▶ **INPUT DATA**
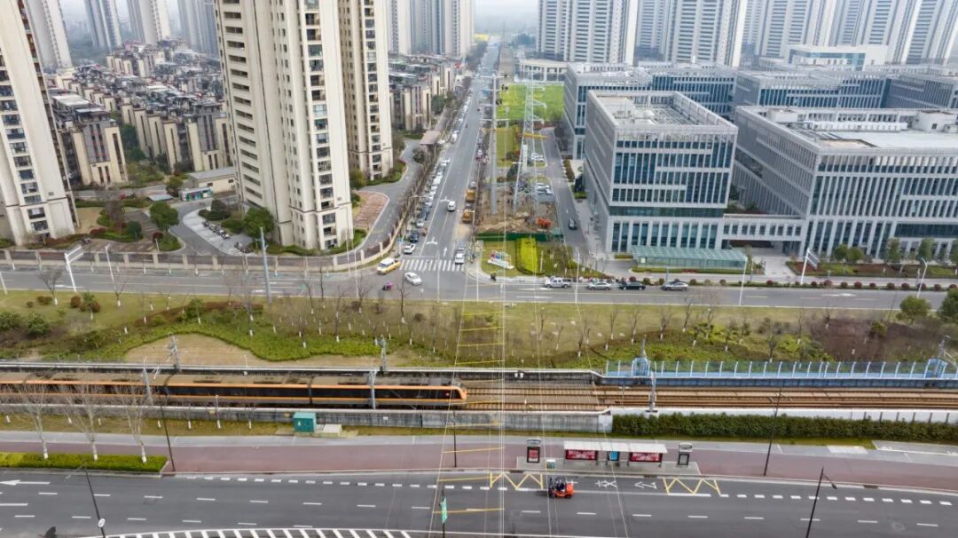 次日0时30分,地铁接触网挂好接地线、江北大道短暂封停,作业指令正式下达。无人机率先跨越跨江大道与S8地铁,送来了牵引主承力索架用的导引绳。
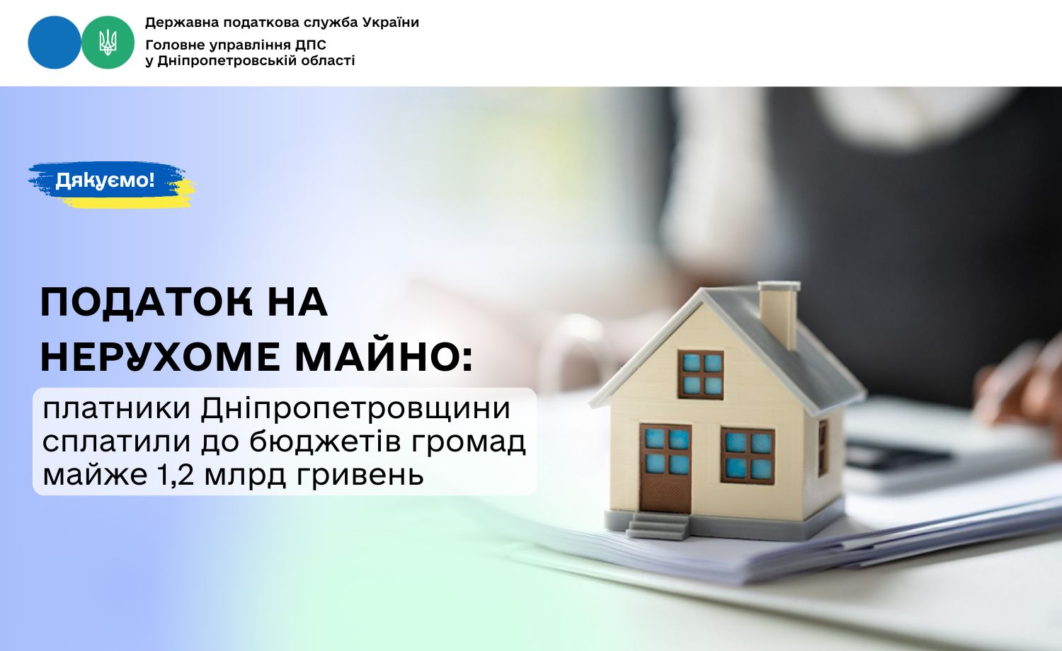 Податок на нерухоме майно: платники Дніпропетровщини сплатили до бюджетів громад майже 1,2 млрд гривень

==

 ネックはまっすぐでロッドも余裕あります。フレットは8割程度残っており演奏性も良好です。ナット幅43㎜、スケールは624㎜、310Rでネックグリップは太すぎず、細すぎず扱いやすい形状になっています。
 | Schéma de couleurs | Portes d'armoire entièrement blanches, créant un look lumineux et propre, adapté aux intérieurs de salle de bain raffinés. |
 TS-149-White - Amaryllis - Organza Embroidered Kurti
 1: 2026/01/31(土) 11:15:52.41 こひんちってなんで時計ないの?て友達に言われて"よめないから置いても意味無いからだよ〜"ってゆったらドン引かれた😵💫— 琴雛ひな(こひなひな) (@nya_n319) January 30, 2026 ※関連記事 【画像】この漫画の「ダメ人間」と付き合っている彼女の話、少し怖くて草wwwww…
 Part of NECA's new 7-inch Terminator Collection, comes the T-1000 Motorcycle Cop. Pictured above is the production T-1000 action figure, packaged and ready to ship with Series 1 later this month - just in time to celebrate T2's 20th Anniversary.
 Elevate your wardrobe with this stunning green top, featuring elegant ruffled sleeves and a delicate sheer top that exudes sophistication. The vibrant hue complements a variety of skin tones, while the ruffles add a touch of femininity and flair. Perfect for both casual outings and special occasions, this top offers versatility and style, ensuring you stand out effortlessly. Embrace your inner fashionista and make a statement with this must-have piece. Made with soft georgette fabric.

▶ **WHAT YOU NEED TO DO**
The lines above starting at the one that holds "次日0时30分,地铁接触网挂" and ending at the one that holds "Податок на нерухоме" are to be written out exactly, ends included, and no pictures are to be copied.

▶ **WRITTEN RESPONSE**
 次日0时30分,地铁接触网挂好接地线、江北大道短暂封停,作业指令正式下达。无人机率先跨越跨江大道与S8地铁,送来了牵引主承力索架用的导引绳。
 Податок на нерухоме майно: платники Дніпропетровщини сплатили до бюджетів громад майже 1,2 млрд гривень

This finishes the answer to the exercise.